Tasty.
Node.js (a single threaded event loop) and LVS (Linux virtual server, a freely available layer 4 IP routing mechanism that is part of the Linux kernel) seem to be a natural fit. The main advantage of node.js is that you can quickly write your server side code in javascript or coffeescript and get it up and running with in V8 javascript engine on top of node.js. My main aim is to try out LVS and see how it does its job on my cluster:
The 4 physical machines on my 1Gbe commodity switch are commodity machines running Debian Wheezy. Test is a Dell with an E8400 dual core chip. Master is a i5 Dell, and its RealTek 1Gbe chip is doing all the routing work over its VIP (192.168.1.100 for my case). I installed ldirectord onto the cluster by simply installing it on the Master (who's binaries are accessible to the nodes via NFS):
# sudo apt-get install ldirectord
It is configured as follows (in /etc/ha.d/ldirectord.cf) :
checktimeout = 5
negotiatetimeout = 30
checkinterval = 10
failurecount = 1
autoreload = no
logfile = "local0"
fork = yes
quiescent = no
cleanstop = no
virtual=192.168.1.100:3000
real=192.168.1.10:3000 gate
real=192.168.1.11:3000 gate
service=http
request="hello"
receive="Up"
scheduler=lc
protocol=tcp
checktype=negotiate
I have removed the comments from the above file to make it shorter. The LVS load balancing scheduler choice was lc which stands for "least connections". There are about a dozen alternatives which are interesting.

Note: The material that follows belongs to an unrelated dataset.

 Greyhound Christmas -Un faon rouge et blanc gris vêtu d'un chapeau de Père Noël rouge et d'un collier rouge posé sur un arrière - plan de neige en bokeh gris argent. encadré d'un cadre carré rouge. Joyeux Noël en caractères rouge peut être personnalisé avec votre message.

Next, I used Pacemaker+Corosync to manage the VIPs:
# crm configure edit
To make our REST service run on the Node1 and Node2 machines (pacemaker is managing the Master, Node1, and Node2 as a single cluster), we add the following lines:
primitive Rest ocf:heartbeat:anything \
params binfile="/opt/scripts/rest.sh" \
user="rapt01" logfile="/tmp/rest.out" \
errlogfile="/tmp/rest.err" \
op start interval="0" timeout="20" \
op stop interval="0" timeout="30" \
op monitor interval="20"
clone Rest-clone Rest \
meta ordered="false" clone-max="2" \
target-role="Started"
location Rest-loc Rest-clone -inf: Master
To configure VIPs and ldirectord under pacemaker we add the lines:
primitive RestVip ocf:heartbeat:IPaddr2 \
op monitor interval="60" timeout="20" \
params ip="192.168.1.100" lvs_support="true"

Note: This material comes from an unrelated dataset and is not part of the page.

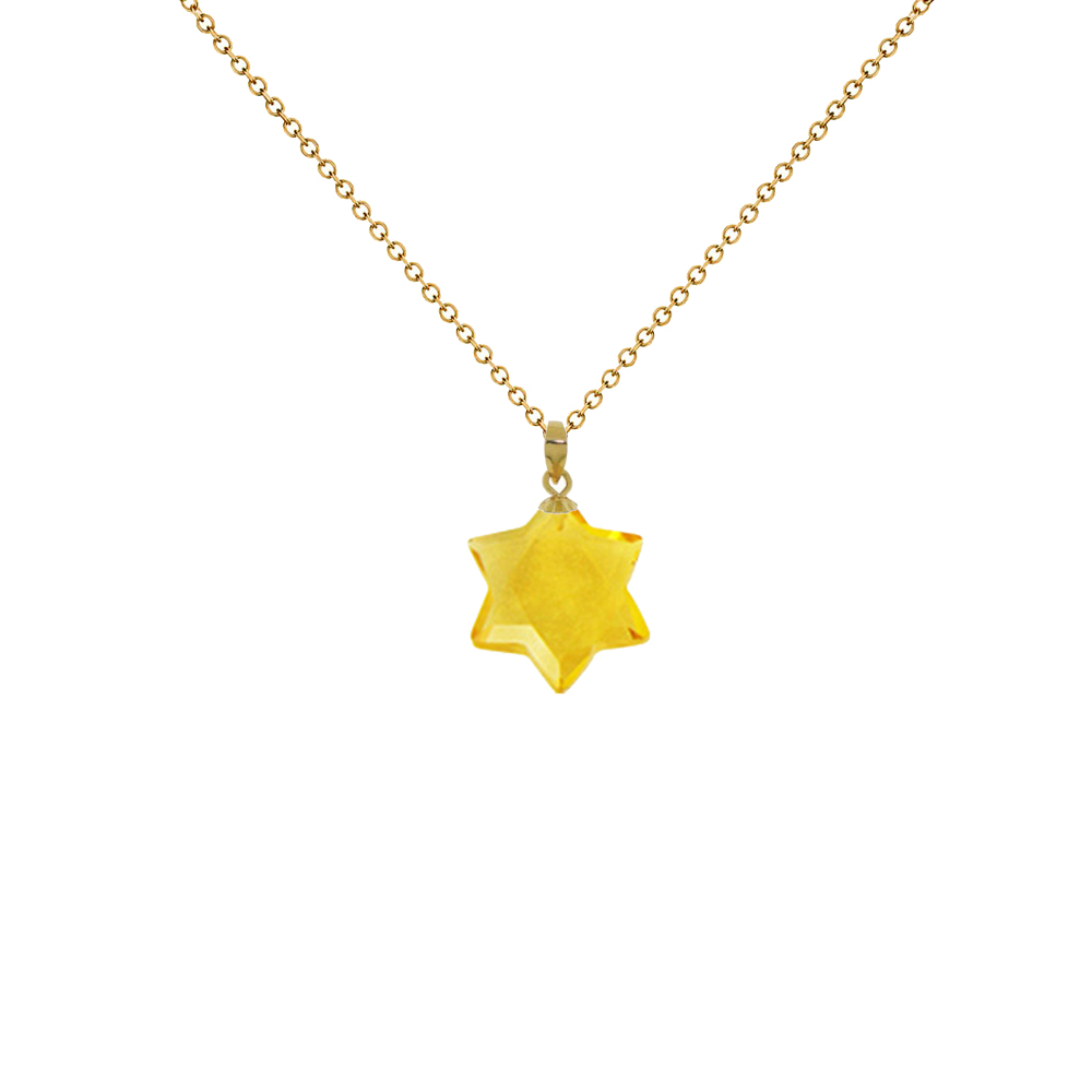 • Ένα υπέροχο μενταγιόν με μία λαμπερή και εντυπωσιακή Lemon Quartz Cubic Zircon πολυεδρικής κοπής σε σχήμα αστέρι, διαμέτρου 15 χιλιοστών.

primitive RestVip-lo ocf:heartbeat:IPaddr2 \
op monitor interval="60" timeout="20" \
params ip="192.168.1.100" nic="lo" cidr_netmask="32"

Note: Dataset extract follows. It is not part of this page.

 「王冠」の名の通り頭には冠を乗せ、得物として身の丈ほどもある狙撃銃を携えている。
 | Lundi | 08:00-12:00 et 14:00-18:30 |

primitive ldirectord ocf:heartbeat:ldirectord \
op monitor interval="20" timeout="10"
clone RestVip-lo-clone RestVip-lo \
meta interleave="true" clone-max="2" target-role="Started"
colocation rest-vip-coloc inf: ldirectord RestVip
colocation rest-vip-lo-coloc -inf: RestVip RestVip-lo-clone
Finally I also tweaked the arp settings which I believe steers clear of the "arp problem":
Adding NAT forwarding to Master's /etc/sysctl.conf and running sysctl -p:
net.ipv4.ip_forward=1 net.ipv6.conf.all.forwarding=1
And on each of Node1/Node2 a similar edit to /etc/sysctl.conf (with reload) for arp:
net.ipv4.conf.all.arp_ignore=1 net.ipv4.conf.all.arp_announce=2
Testing.
Using Apache bench:
# ab -c 1000 -n 10000 http://192.168.1.100:3000/something
Nice output like this is observed from our Test machine:
This is ApacheBench, Version 2.3 <$Revision: 655654 $>
Copyright 1996 Adam Twiss, Zeus Technology Ltd, http://www.zeustech.net/
Licensed to The Apache Software Foundation, http://www.apache.org/
Benchmarking 192.168.1.100 (be patient)
Completed 1000 requests
Completed 2000 requests
Completed 3000 requests
Completed 4000 requests
Completed 5000 requests
Completed 6000 requests
Completed 7000 requests
Completed 8000 requests
Completed 9000 requests
Completed 10000 requests
Finished 10000 requests
Server Software:
Server Hostname: 192.168.1.100
Server Port: 3000
Document Path: /something
Document Length: 167 bytes
Concurrency Level: 1000
Time taken for tests: 1.648 seconds
Complete requests: 10000
Failed requests: 0
Write errors: 0
Total transferred: 3330000 bytes
HTML transferred: 1670000 bytes
Requests per second: 6068.91 [#/sec] (mean)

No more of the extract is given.